MacLellan Michael J
School of Kinesiology, College of Human Sciences and Education, Louisiana State University, 112 Huey P. Long Field House, Baton Rouge, LA, 70803, USA.
Exp Brain Res. 2017 Jul;235(7):2011-2026. doi: 10.1007/s00221-017-4946-z. Epub 2017 Mar 25.
Human locomotor patterns require precise adjustments to successfully navigate complex environments. Studies suggest that the central nervous system may control such adjustments through supraspinal signals modifying a basic locomotor pattern at the spinal level. To explore this proposed control mechanism in the leading and trailing limbs during obstructed walking, healthy young adults stepped over obstacles measuring 0.1 and 0.2 m in height. Unobstructed walking with no obstacle present was also performed as a baseline. Full body three-dimensional kinematic data were recorded and electromyography (EMG) was collected from 14 lower limb muscles on each side of the body. EMG data were analyzed using two techniques: by mapping the EMG data to the approximate location of the motor neuron pools on the lumbosacral enlargement of the spinal cord and by applying a nonnegative matrix factorization algorithm to unilateral and bilateral muscle activations separately. Results showed that obstacle clearance may be achieved not only with the addition of a new activation pattern in the leading limb, but with a temporal shift of a pattern present during unobstructed walking in both the leading and trailing limbs. An investigation of the inter-limb coordination of these patterns suggested a strong bilateral linkage between lower limbs. These results highlight the modular organization of muscle activation in the leading and trailing limbs, as well as provide a mechanism of control when implementing a locomotor adjustment when stepping over an obstacle.

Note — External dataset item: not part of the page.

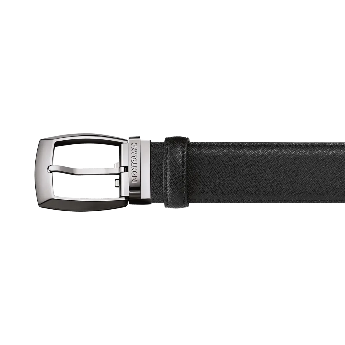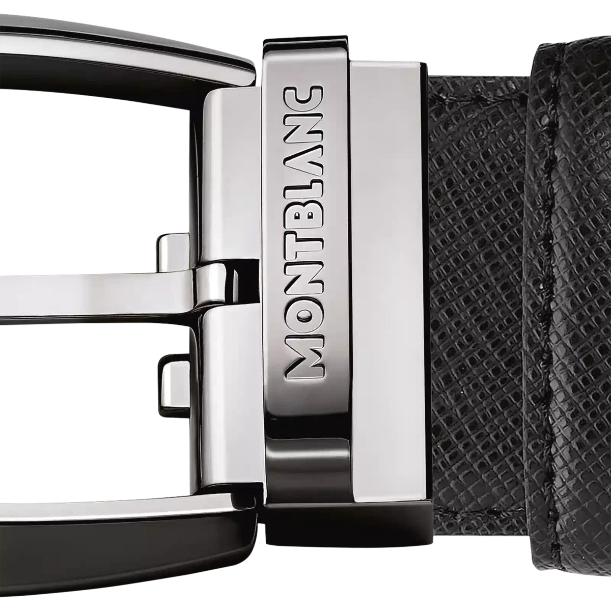 Catarama lucioasă, convexă, cu finisaj din ruteniu, cu numele mărcii Montblanc gravat. Ușor de ajustat, 3,5 cm x 120 cm, cu curea din piele neagră imprimată saffiano. Concepută pentru un look casual.MB112408

人类的运动模式需要精确调整,以便在复杂环境中成功导航。研究表明,中枢神经系统可能通过脊髓以上的信号来控制这种调整,这些信号会修改脊髓水平的基本运动模式。为了探究在受阻行走过程中,领先和落后肢体的这种控制机制,健康的年轻成年人跨过了高度为0.1米和0.2米的障碍物。同时也进行了无障碍物的无障碍行走作为基线。记录了全身三维运动学数据,并从身体两侧的14条下肢肌肉收集了肌电图(EMG)。EMG数据使用两种技术进行分析:通过将EMG数据映射到脊髓腰骶膨大处运动神经元池的大致位置,以及分别对单侧和双侧肌肉激活应用非负矩阵分解算法。结果表明,不仅可以通过在领先肢体中添加新的激活模式来实现跨越障碍物,而且领先和落后肢体在无障碍行走时出现的模式的时间偏移也可以实现。对这些模式的肢体间协调性的研究表明下肢之间存在很强的双侧联系。这些结果突出了领先和落后肢体中肌肉激活的模块化组织,同时也为跨越障碍物时进行运动调整提供了一种控制机制。